*** Opening Collected data ***

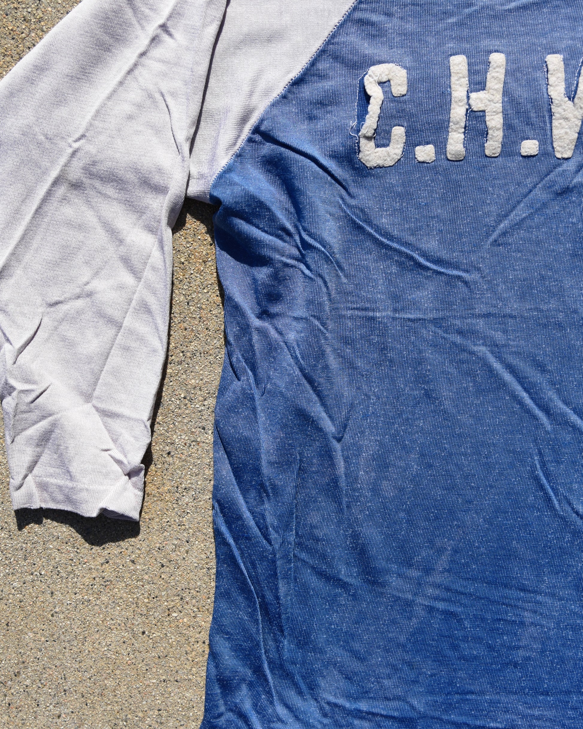 Vintage 1950s Durene Raglan Baseball Jersey. Really nicely sun faded and thrashed throughout. Embroidered lettering on front and back. Fits like a small. Has stretch
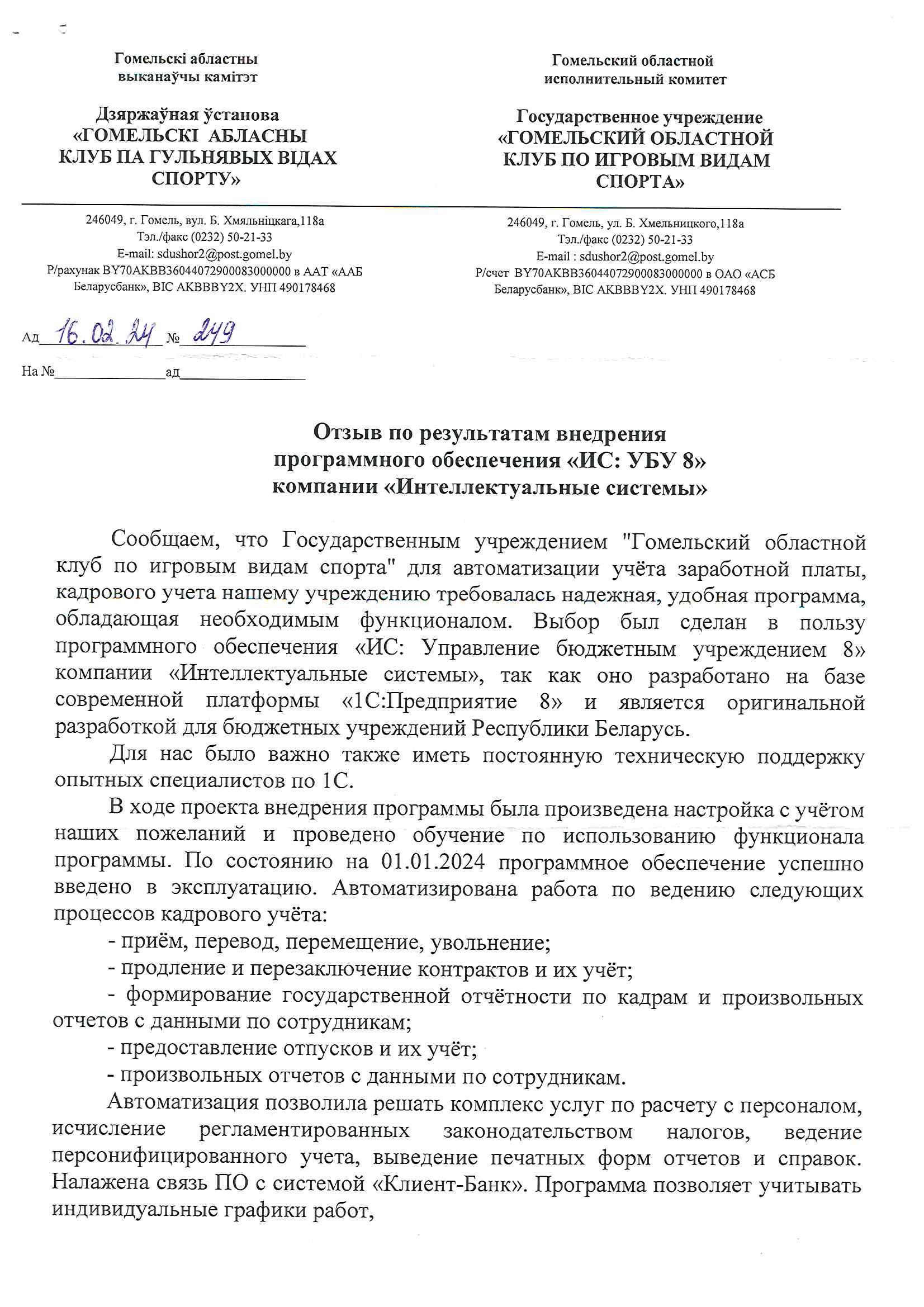 Сообщаем, что Государственным учреждением "Гомельский областной клуб по игровым видам спорта" для автоматизации учёта заработной платы, кадрового учета нашему учреждению требовалась надежная, удобная программа, обладающая необходимым функционалом. Выбор был сделан в пользу программного обеспечения «ИС: Управление бюджетным учреждением 8» компании «Интеллектуальные системы», так как оно разработано на базе современной платформы «1С:Предприятие 8» и является оригинальной разработкой для бюджетных учреждений Республики Беларусь.
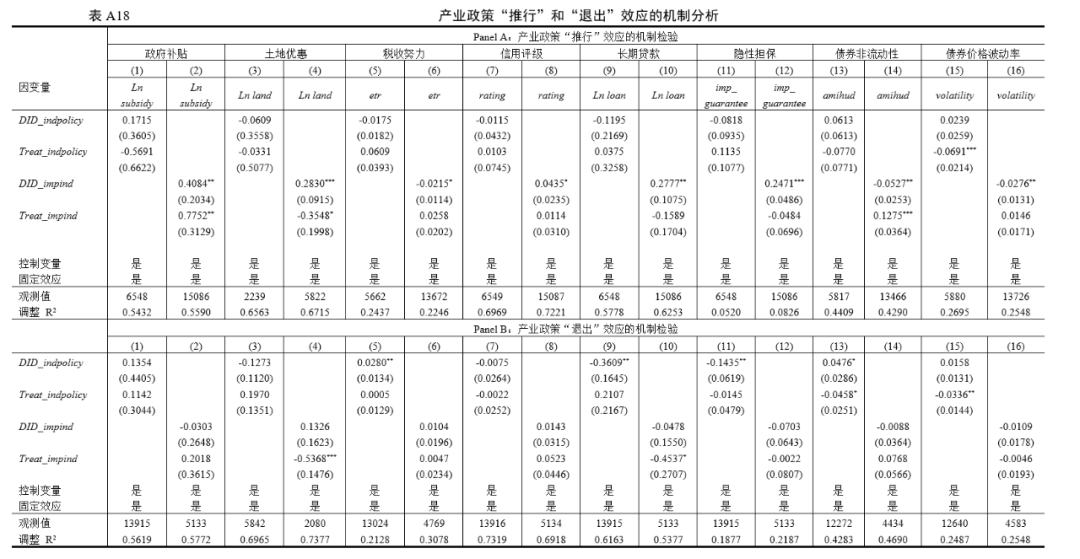 本文进一步基于政府支持、信用增进、信号传递、隐性担保和流动性风险五个影响渠道探究产业政策“推行”和“退出”非对称影响产生的机理,政府支持机制具体包括政府补贴、土地优惠和税收努力。具体而言:

*** Closing Collected data ***

Set the pictures aside and transcribe the data above exactly.

 Vintage 1950s Durene Raglan Baseball Jersey. Really nicely sun faded and thrashed throughout. Embroidered lettering on front and back. Fits like a small. Has stretch
 Сообщаем, что Государственным учреждением "Гомельский областной клуб по игровым видам спорта" для автоматизации учёта заработной платы, кадрового учета нашему учреждению требовалась надежная, удобная программа, обладающая необходимым функционалом. Выбор был сделан в пользу программного обеспечения «ИС: Управление бюджетным учреждением 8» компании «Интеллектуальные системы», так как оно разработано на базе современной платформы «1С:Предприятие 8» и является оригинальной разработкой для бюджетных учреждений Республики Беларусь.
 本文进一步基于政府支持、信用增进、信号传递、隐性担保和流动性风险五个影响渠道探究产业政策“推行”和“退出”非对称影响产生的机理,政府支持机制具体包括政府补贴、土地优惠和税收努力。具体而言:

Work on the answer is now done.